With AtScale's Adaptive Analytics 2020.1 -- available in general release immediately -- users can query multiple sources simultaneously and get their response almost instantaneously due to augmented intelligence and machine learning capabilities. In addition, based on their query, their data will be autonomously engineered.
"This is not just an everyday release for us," Mariani said. "This one is different. With our arrival in the data virtualization space we're going to disrupt and show its true potential."
Dave Menninger, analyst at Ventana Research, said that Adaptive Analytics 2020.1 indeed marks a significant step for AtScale.
"This is a major upgrade to the AtScale architecture which introduces the autonomous data engineering capabilities," he said. "[CTO] Matt Baird and team have completely re-engineered the product to incorporate data virtualization and machine learning to make it easier and faster to combine and analyze data at scale. In some ways you could say they've lived up to their name now."
David MarianiCo-founder and vice president of technology, AtScale
AtScale has also completely re-engineered its platform, abandoning its roots in Hadoop, to serve both customers who store their data in the cloud and those who keep their data on premises.
"It's not really about where the AtScale technology runs," Menninger said. "Rather, they make it easy to work with cloud-based data sources as well as on premises data sources. This is a big change from their Hadoop-based, on-premises roots."
AtScale's Adaptive Analytics 2020.1 includes three main features: Multi-Source Intelligent Data Model, Self-Optimizing Query Acceleration Structures and Virtual Cube Catalog.
Multi-Source Intelligent Data Model is a tool that enables users to create logical data models through an intuitive process.
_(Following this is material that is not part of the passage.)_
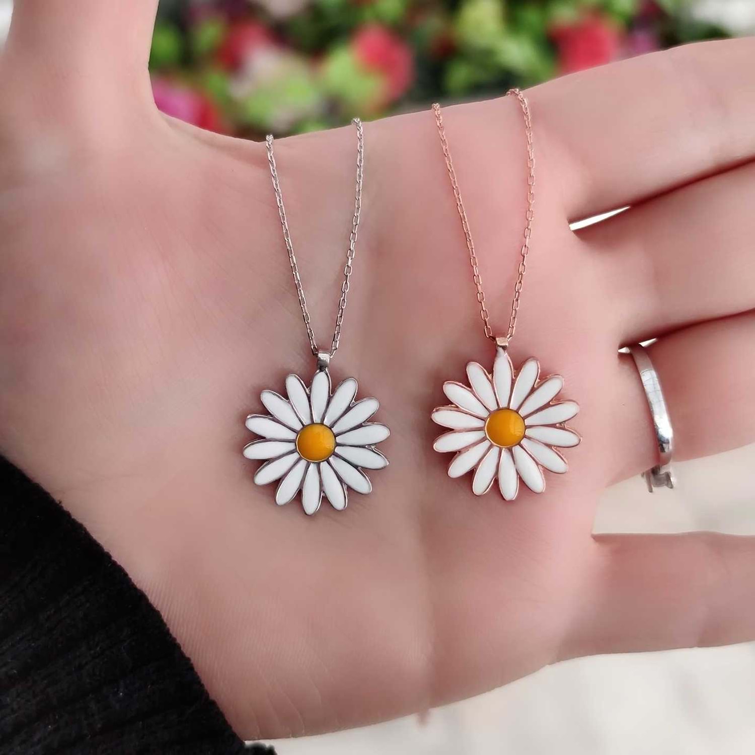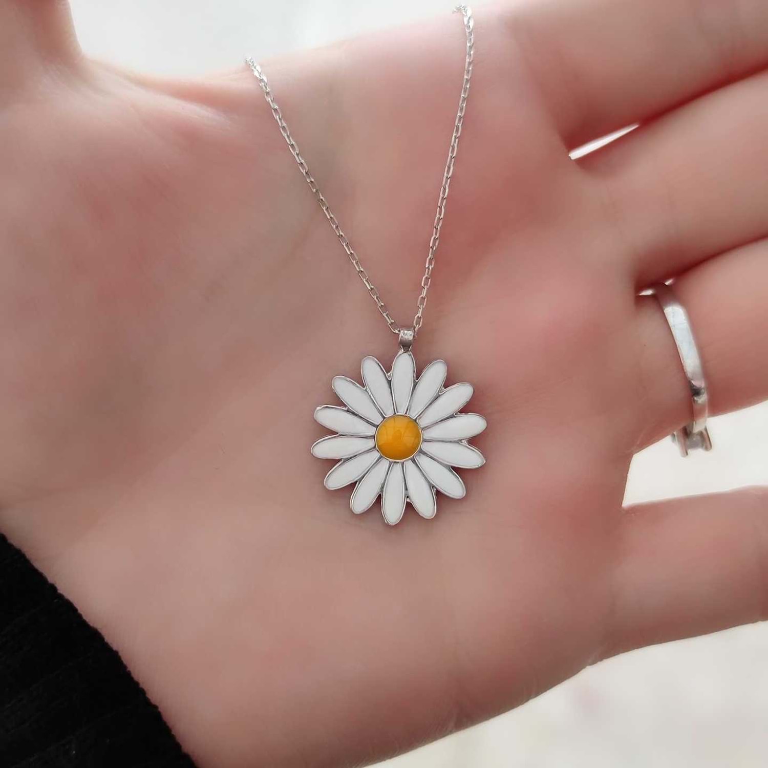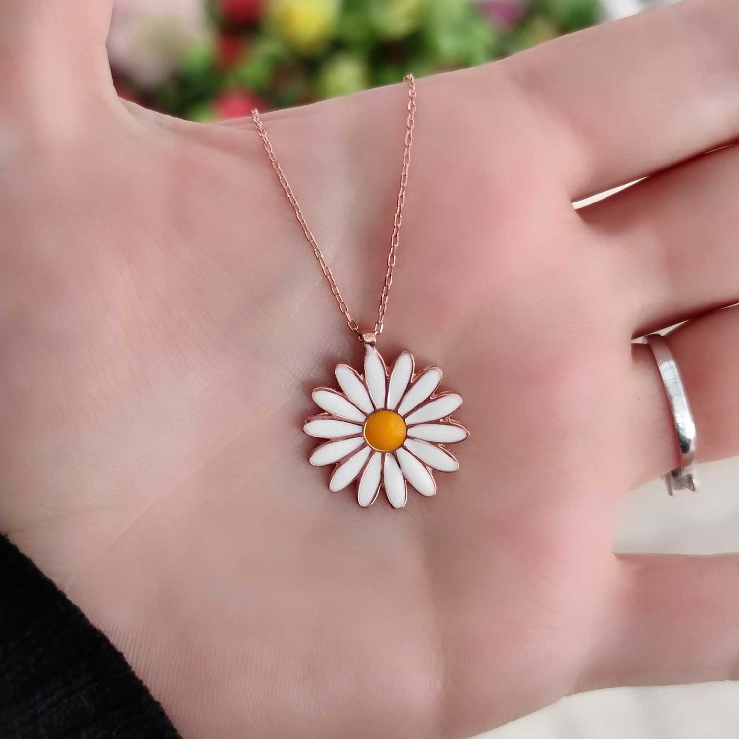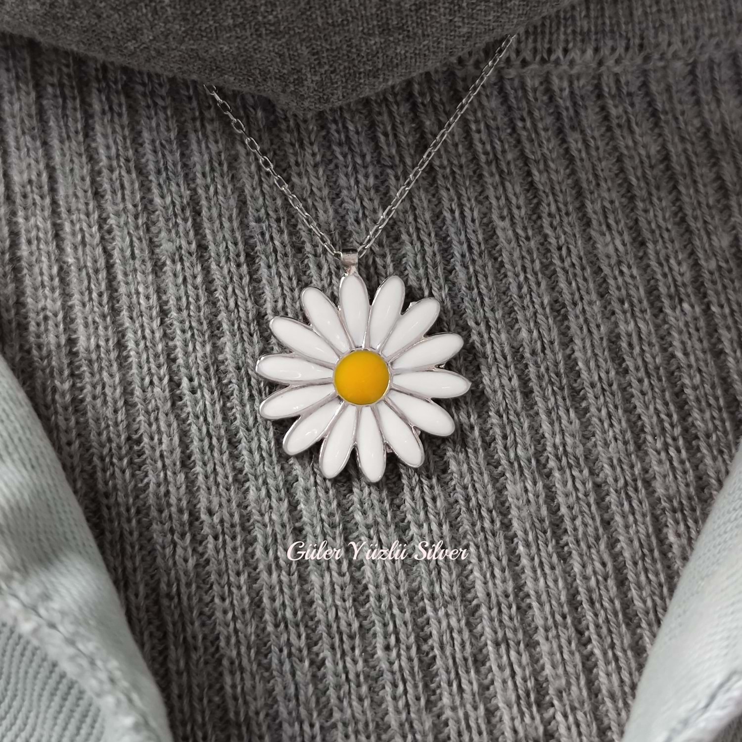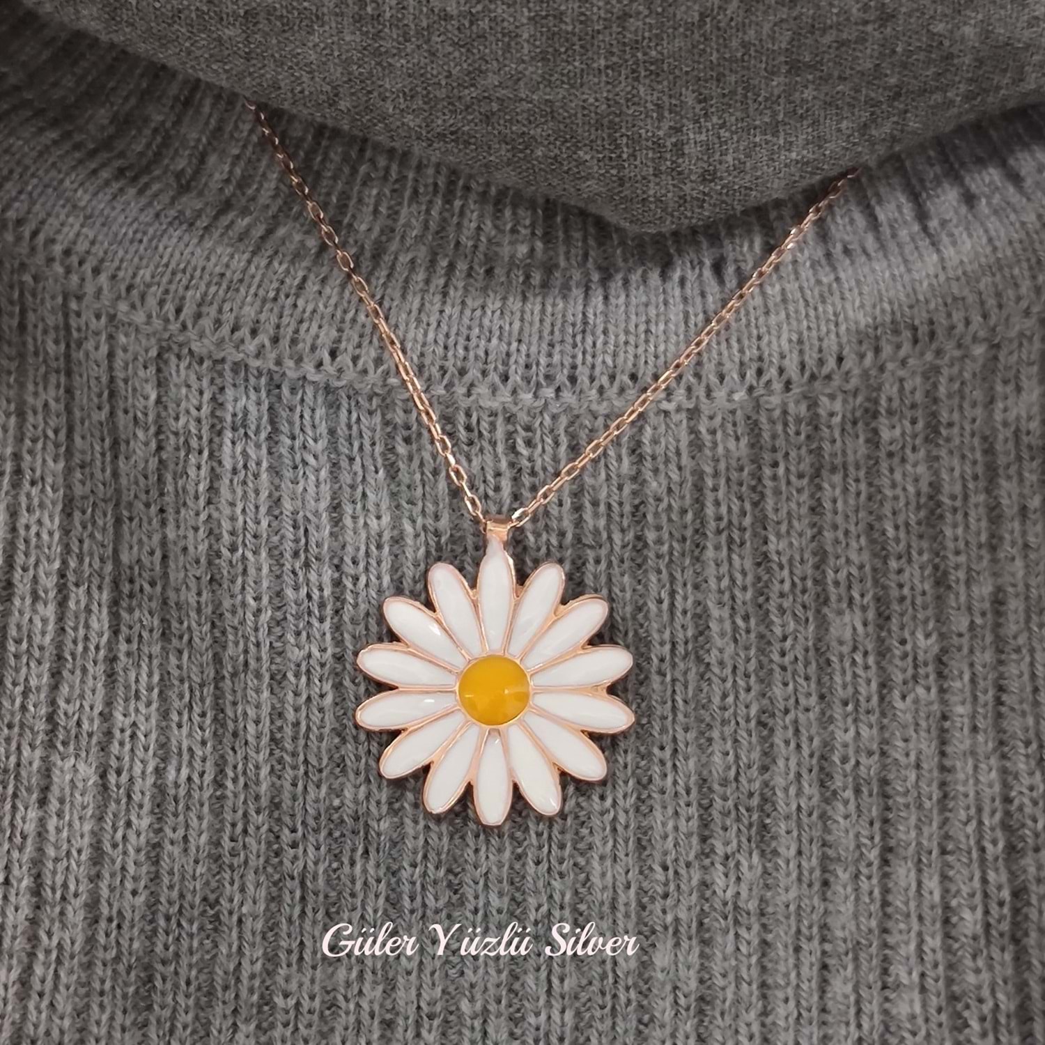 925 ayar gümüştür. Papatya 2 cm dir Seçeneklerden istediğiniz rengi seçip sipariş verebilirsiniz. Papatya çiçeği, saf ve temiz sevgi anlamını taşımaktadır. Temiz kalbi simgeler. İnsana samimiyet hissi verir. Kendine has sade ve gösterişten uzak duruşu ile kadınların hayır diyemeyeceği kolyelerden birisidir. Papatya çiçeğinin hikâyesi, papatyaya daha farklı bakmanızı sağlayacak türden bir hikâyeye sahip. Papatya, her türden çiçeğin bir arada bulunduğu, büyük bir bahçede yaşıyormuş. Bahçenin yaşlı bahçıvanına âşık olmuş. Yüzlerce çiçeğin arasından sadece kendisi ile ilgilensin, suyunu döksün istiyormuş. O kadar çiçeğin arasından kendisini bir gün görür umudu ile bekliyormuş. Bahçıvanın diğer çiçeklerle ilgilenmesini kıskanıyormuş. Zaman geçtikçe aşkın ağırlığını taşıyamaz olmuş. Boynunu bükmüş. Bahçıvanı göremese de sadece sesini duyuyormuş. Papatyaya, bahçıvanın sesini duyması bile yetiyormuş. Bir gün bahçıvan papatyaya doğru yaklaşmış.

It simplifies data modeling by rapidly assembling the data needed for queries, and then maintains its acceleration structures even as workloads increase.
Self-Optimizing Query Acceleration Structures, meanwhile, allow users to add information to their queries without having to re-aggregate the data over and over.
And Virtual Cube Catalog is a means of speeding up discoverability with lineage and metadata search capabilities that integrate natively into existing data catalogs. This enables business users and data scientists to locate needed information for whatever their needs may be, according to AtScale.
"The self-optimizing query acceleration provides a key part of the autonomous capabilities," Menninger said. "Performance tuning big data queries can be difficult and time-consuming. However, it's the combination of the three capabilities which really makes AtScale stand out."
Other vendors are attempting to offer similar capabilities, but AtScale's Adaptive Analytics 2020.1 packages them in a unique way, he added.
"There are competitors offering data virtualization and competitors offering cube-based data models, but AtScale is unique in the way they combine these capabilities with the automated query acceleration," Menninger said.
Beyond offering a platform that enables data virtualization at scale, speed and efficiency are other key tenets of AtScale's update, Mariani said. "Data virtualization can now be used to improve complexity and cost," Mariani said.